**Problem details**
Reproduce word for word, from the entries below, the line with "- 2. Стійкість", the line with "Vetrina espositiva ad", and every line between them, and nothing more.

**Data records**
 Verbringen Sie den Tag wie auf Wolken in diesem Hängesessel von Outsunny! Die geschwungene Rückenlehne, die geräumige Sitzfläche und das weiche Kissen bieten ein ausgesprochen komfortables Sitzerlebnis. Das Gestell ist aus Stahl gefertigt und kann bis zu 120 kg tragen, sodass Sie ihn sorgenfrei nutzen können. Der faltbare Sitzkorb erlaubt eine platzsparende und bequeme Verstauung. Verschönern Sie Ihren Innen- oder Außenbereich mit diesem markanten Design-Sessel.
==
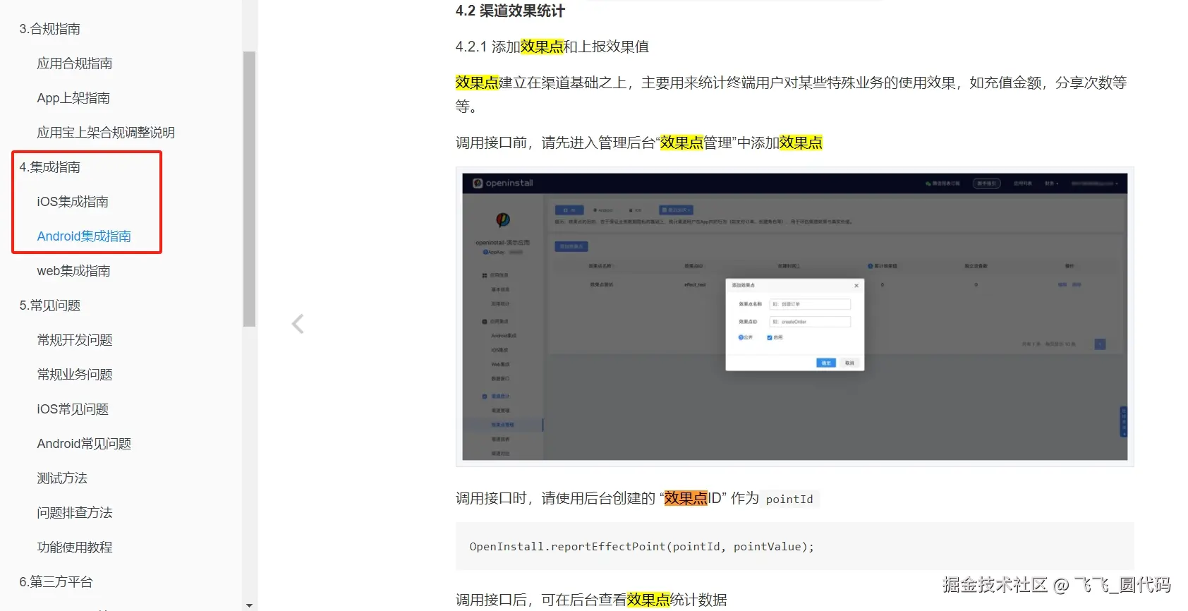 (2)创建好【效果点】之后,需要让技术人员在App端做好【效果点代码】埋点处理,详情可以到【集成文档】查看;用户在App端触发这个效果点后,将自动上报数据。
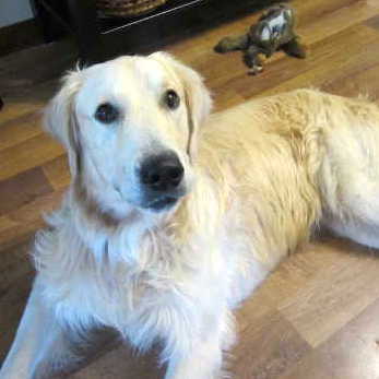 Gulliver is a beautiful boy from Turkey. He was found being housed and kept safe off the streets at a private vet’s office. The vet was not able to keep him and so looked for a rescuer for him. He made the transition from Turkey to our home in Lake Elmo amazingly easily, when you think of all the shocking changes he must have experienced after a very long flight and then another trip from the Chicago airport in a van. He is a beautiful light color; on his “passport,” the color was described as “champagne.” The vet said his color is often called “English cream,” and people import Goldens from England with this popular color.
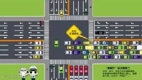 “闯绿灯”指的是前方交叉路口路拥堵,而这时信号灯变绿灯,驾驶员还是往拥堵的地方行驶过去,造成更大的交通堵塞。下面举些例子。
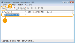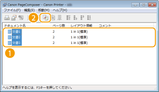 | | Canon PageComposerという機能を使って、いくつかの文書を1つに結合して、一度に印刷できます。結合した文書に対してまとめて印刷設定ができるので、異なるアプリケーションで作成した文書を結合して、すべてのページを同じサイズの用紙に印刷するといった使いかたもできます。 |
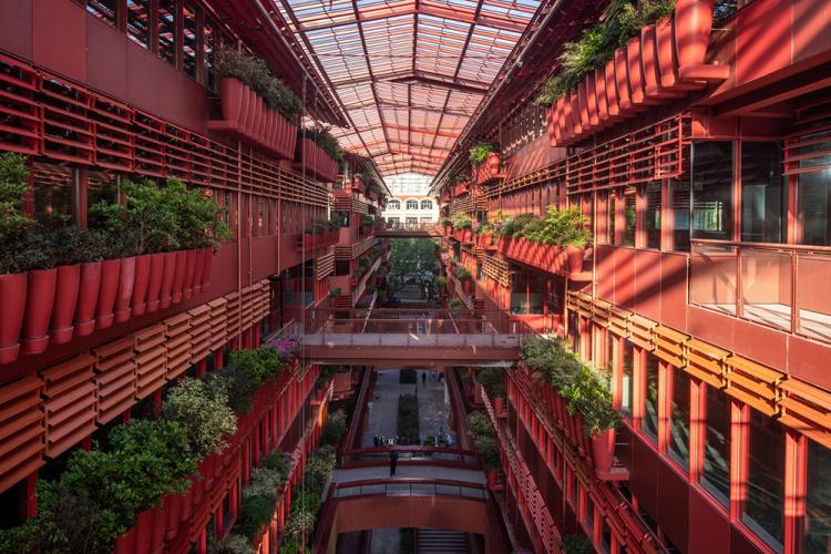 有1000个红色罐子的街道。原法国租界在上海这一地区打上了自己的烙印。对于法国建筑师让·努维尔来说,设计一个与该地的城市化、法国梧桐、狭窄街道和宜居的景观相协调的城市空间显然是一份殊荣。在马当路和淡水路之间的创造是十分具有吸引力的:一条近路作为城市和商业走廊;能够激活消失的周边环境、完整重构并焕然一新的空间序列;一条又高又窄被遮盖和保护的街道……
==
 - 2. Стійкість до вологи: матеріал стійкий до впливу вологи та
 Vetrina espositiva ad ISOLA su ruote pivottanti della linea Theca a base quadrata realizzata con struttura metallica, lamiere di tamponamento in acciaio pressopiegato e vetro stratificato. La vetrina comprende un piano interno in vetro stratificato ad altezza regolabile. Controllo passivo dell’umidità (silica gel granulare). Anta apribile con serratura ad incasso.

**Answer to the exercise**
 - 2. Стійкість до вологи: матеріал стійкий до впливу вологи та
 Vetrina espositiva ad ISOLA su ruote pivottanti della linea Theca a base quadrata realizzata con struttura metallica, lamiere di tamponamento in acciaio pressopiegato e vetro stratificato. La vetrina comprende un piano interno in vetro stratificato ad altezza regolabile. Controllo passivo dell’umidità (silica gel granulare). Anta apribile con serratura ad incasso.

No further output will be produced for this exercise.